Government disclosures, like the release of the Kennedy files, do not improve public trust.
Surprisingly soon after the Warren Commission Report concluded that Lee Oswald acted alone in assassinating John F. Kennedy, a significant and growing segment of the American public began to speculate about alternative perpetrators whose actions the Warren Commission had covered up. In 1992, facing the persistence of that speculation, Congress enacted the statute that prompted the recent disclosures (and non-disclosures) of secret documents relating to the assassination. It hoped to assure the public that the government was not complicit in the assassination, and nor was it withholding evidence of a conspiracy, a hope that President Trump reiterated upon the documents’ release.
#JFKFiles pic.twitter.com/AnPBSJFh3J
— Donald J. Trump (@realDonaldTrump) October 28, 2017
The effort was a noble one. Congress designed a timed disclosure mandate that would allow the public to know more and theorize less. In the predominant telling of history from the 1960s on, the assassination had initiated the public’s radical doubt about the government’s actions and willingness to tell the truth. In its wake, various cottage industries have circulated theories about government conspiracies to cover up, among other things, all of the major assassinations of the 1960s (including those of Robert F. Kennedy and Martin Luther King, Jr. as well as that of President Kennedy), its relationship with alien visitors, the rise of a globalist “new world order,” the truth behind the 9/11 attacks, and the place of President Obama’s birth. Perhaps by cleaning out its archives, the federal government could reset the public’s view of government and rid us of this persistent tendency to find conspiracy everywhere.
This has proven to be a false hope. The disclosure of fascinating if obscure documents from the National Archives has already begun to fill in details about the assassination, its main and supporting characters, and the Cold War. But these documents won’t solve all of the questions and mysteries surrounding an event so seemingly random and complex, as well as so pored over by professional historians and amateur sleuths. Redactions and delays in disclosure, meanwhile, don’t merely frustrate but appear to prove conspiracy’s existence. And even if the Trump administration or a future one could claim to release everything, those predisposed to disbelieve it would simply assume the truth remains buried or, worse, was destroyed.
This reveals a deeper truth about disclosure, secrecy, and the public’s relationship to its government. The idea that more information can improve democracy and trust has driven all manner of federal and state open government mandates. The Freedom of Information Act (FOIA), which just turned fifty years old, has led to the disclosure of millions of documents that would not have been available earlier. Indeed, “transparency” has become a governance buzzword that every political candidate and administration claims to embrace. Both campaigns in the 2016 presidential election decried the secret documents of its opponent, whether deleted emails or tax returns. Allegations that the other candidate was corrupt or worse, and that the full truth of their wickedness would soon be revealed, helped rally supporters and persuade some uncommitted voters.
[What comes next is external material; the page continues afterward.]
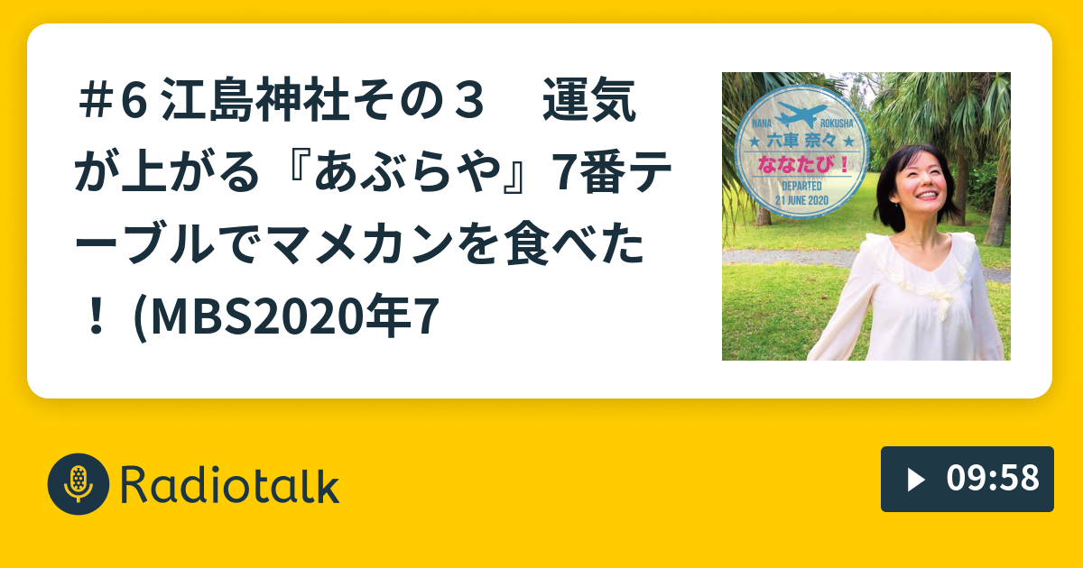 MBSラジオ『六車奈々 ななたび!』#6アップ!MBSラジオ『六車奈々 ななたび!』は、明日24:30-24:40放送です。そしてradiotalkには、アップされています。https://radiotalk.jp/talk/333168#6 江島神社その3 運気が上がる『あぶらや』7番テーブルでマメカンを食べた! (MBS2020年7月26日OA分)#ラジオロケ #MBSラジオ #ななたび #深夜ラジオ #ご利益 #旅 #六車奈々 #メッセージ募集 #江島神社 #江ノ電 #江ノ島 #美人のご利益 #旅グルメ #スイーツ #パワースポット #運気アップradiotalk.jpぜひ聴いてくださいねー!クリップ(番組登録)も、よろしくお願い致します。 #ラジオロケ #MBSラジオ #ななたび #深夜ラジオ #ご利益 #旅 #六車奈々 #メッセージ募集 #江島神社 #江ノ電 #江ノ島 #美人のご利益 #旅グルメ #スイーツ #パワースポット #運気アップ 奈々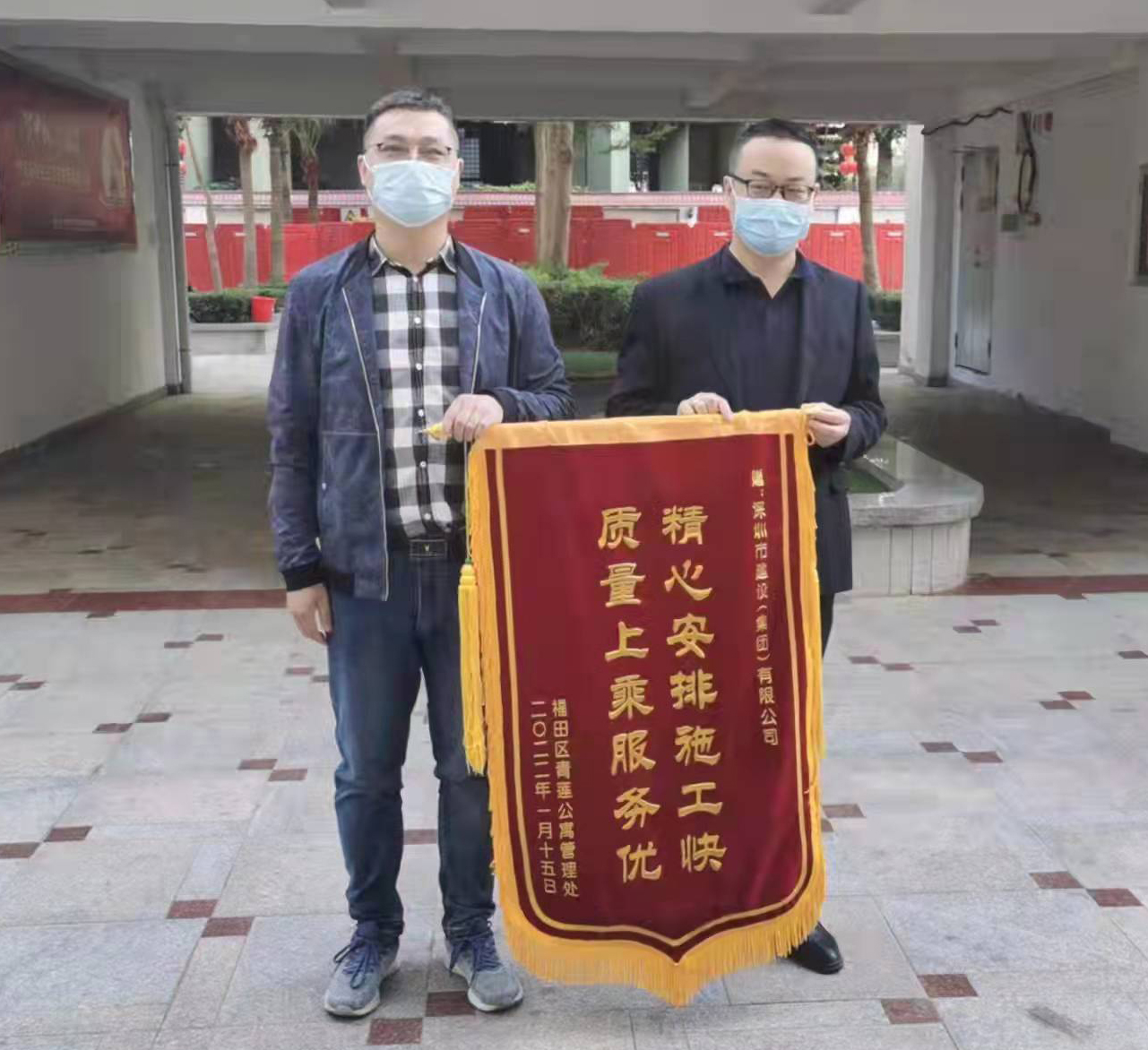 2022年1月21日,福田區(qū)青蓮公寓管理處有關(guān)同志向福田區(qū)第七期優(yōu)質(zhì)飲用水入戶工程(第五批)施工總承包項目部贈送“精心安排施工快 質(zhì)量上乘服務優(yōu)”的錦旗,項目經(jīng)理毛浣林代表項目部接受錦旗。此外,本項目施工范圍內(nèi)的部分小區(qū)向其他參建方贈送錦旗。 ...

And yet, as the election and its aftermath have made quite clear, open government laws have not improved trust in government. This lack of trust has many causes: hyper-partisanship, dysfunctional political parties and political institutions, a new and continually evolving media landscape, and political scandals that FOIA and similar laws have not prevented and sometimes help expose. But more disclosure has not fixed distrust, nor has it ended or even curbed conspiracy theories.
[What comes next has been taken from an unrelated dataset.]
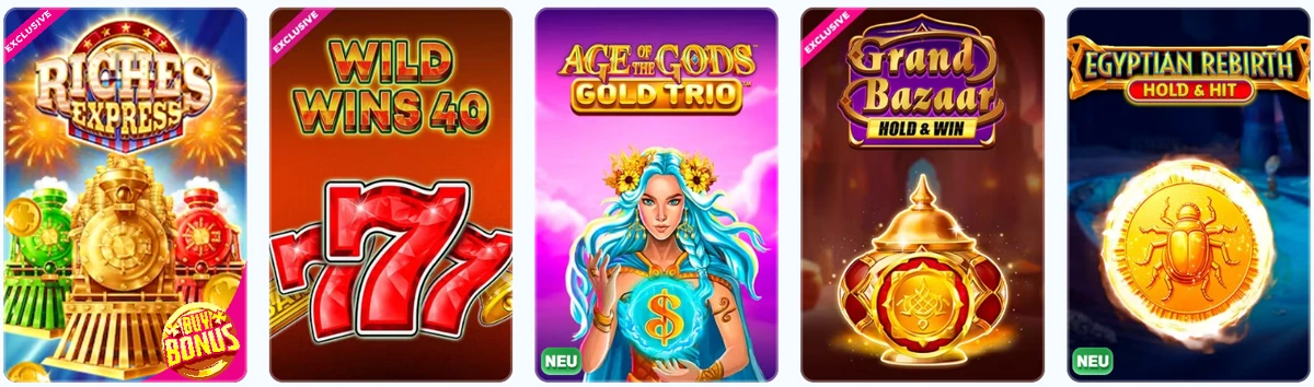 Unser umfassendes Belohnungssystem bietet einen attraktiven Willkommensbonus von 100% bis zu 500€ plus 100 Freispiele sowie ein mehrstufiges VIP-Programm mit exklusiven Vorteilen. Ergänzt wird das Angebot durch regelmäßige Promotionen, Turniere und spezielle Sonderaktionen.

Disclosure cannot solve our deepest worries about the government.
The release of new assassination-related documents demonstrates this paradox. Knowing more can help us make better decisions in our lives and can help government devise better, more effective public policy. When government discloses information about its regulatory programs, or it releases data it collects regarding the services it provides, the public can hold its elected officials and civil servants accountable.
But disclosure cannot solve our deepest worries about the government or our deepest disagreements about divisive political issues. Donald Trump’s supporters do not seem to mind that he hasn’t released his tax returns despite his pledge to do so after the election, nor do they seem to care to know more about conflicts of interest between his actions and his family’s businesses. Hillary Clinton’s supporters did not consider her private email server of the actions of the Clinton Foundation to be nearly as important as her opponent and his supporters. More disclosure would not have persuaded those who were already predisposed for or against the candidates.
Similarly, unless the highly unlikely smoking gun that definitively proves or disproves the Warren Commission’s conclusion turns up, more assassination-related documents will not shake the dogged belief that someone other than or in addition to Oswald is responsible for Kennedy’s death. That belief will continue to ebb and flow, as it has over the previous decades.
But the extent of conspiracy theorizing will have little to do with government disclosure. We have long been a nation captivated by conspiracy theories and alternative explanations for complex events, since well before Lee Oswald shot the president (or not), dating back to our revolutionary beginnings. No amount of new documents will change that.